Absolutely shocking! No, YADNBU to think solicitors. I wouldn't let my DCs in the car with him ever again. And yes, I'd alert the police so he gets caught and gets a wake-up call.

He's also a serious danger to himself, the DCs and you when you're with them. It's about other drivers' mistakes too, as has been said. My FIL died in a car crash not long after my DH and I got married. And I was hurt in a car crash on the motorway in the past as well. These accidents happen in a split second!

And yes, you must always strap your DCs in. Accidents can happen at any time; my FIL's death happened when he pulled out without seeing a car in his blind spot.

Mummyoflittledragon · 06/08/2017 19:48

I used to do up to 125 mph on the autobahn, dh sometimes went faster. No way would we do it with children in the car. Because I got used to speed abroad having lived there so long, I do have to keep my speed in check. 90 mph is as fast as most drivers anticipate people going in the uk so 100 is really fast in this country and people just don't see it coming. Not to mention it's against the law. You have to have all your wits about you and I agree it is really dangerous. In fairness you did have to keep your wits about you in Germany as it was so easy to become a sandwich between a car in front overtaking slowly and a Porsche behind coming at break neck speed. And yes, it massively pissed me off too when I came back here and had to drive a snails pace.

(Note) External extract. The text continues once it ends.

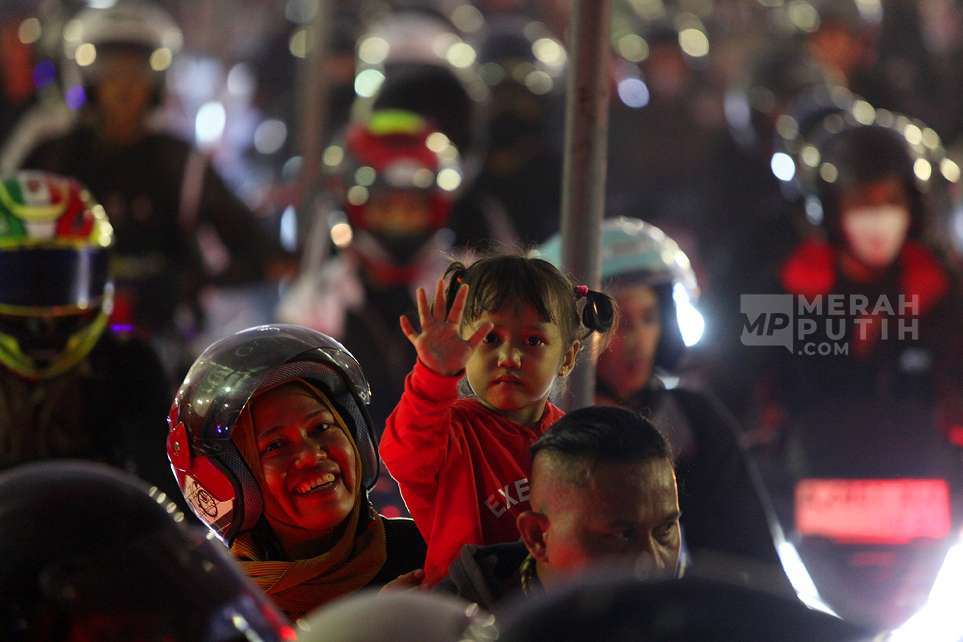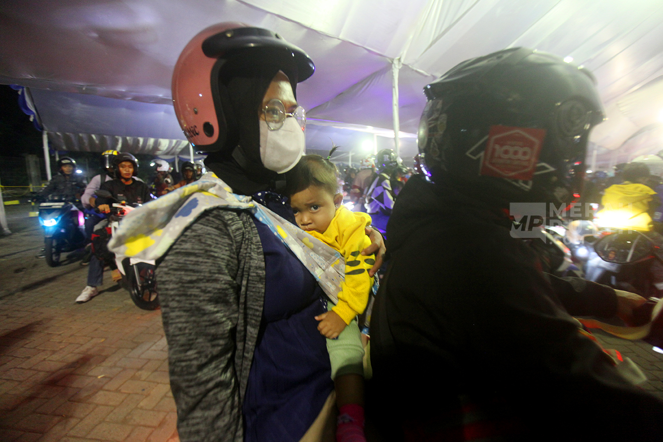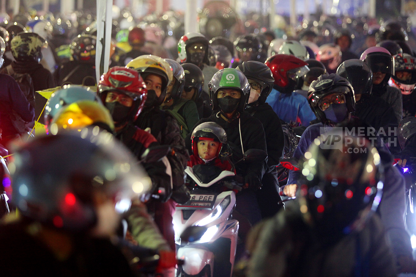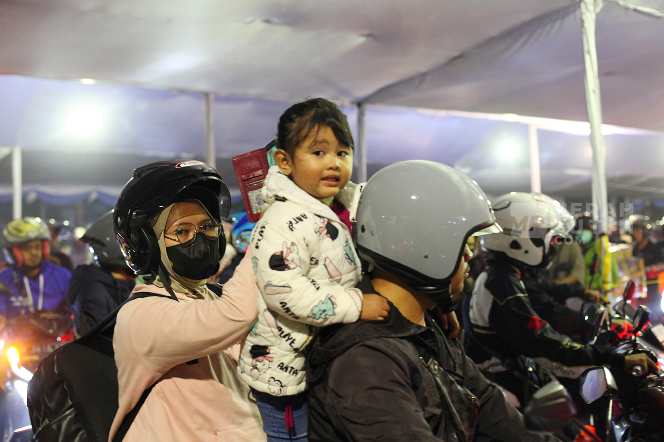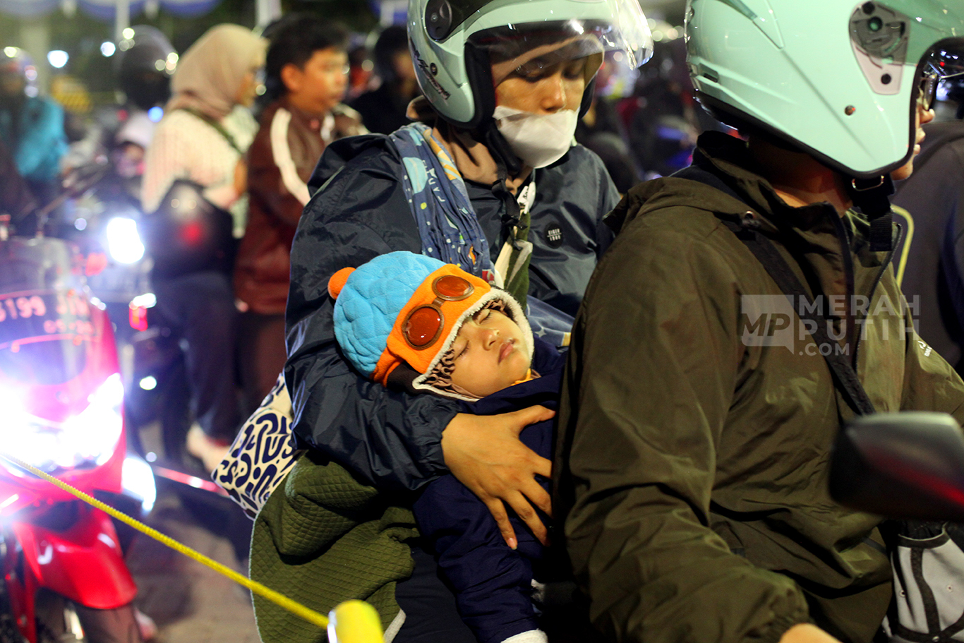 Dari ribuan pemudik motor dijumpai beberapa pemudik cilik yang ikut berbocengan dengan kedua ortang tuanya. mereka mendominasi bangku depan, dan bagian tengah motor. Pemudik cilik haru kuat dengan polusi udara sepeda motor, antrean ribuan motor hingga dinginnya angin malam. (MP/Didik Setiawan).

Your dh needs to moderate his driving to what is anticipated in the country he is in and adapt in relation to the level of traffic around. In the U.K. the speed limit is 70mph so he should not be driving at more than 85 if he wants to remotely be able to keep his children safe. This country is known for hogging the fast lanes, which is infuriating. It sounds as if he needs to keep his cool a bit more too. I would approach it as its not you dear, it's them.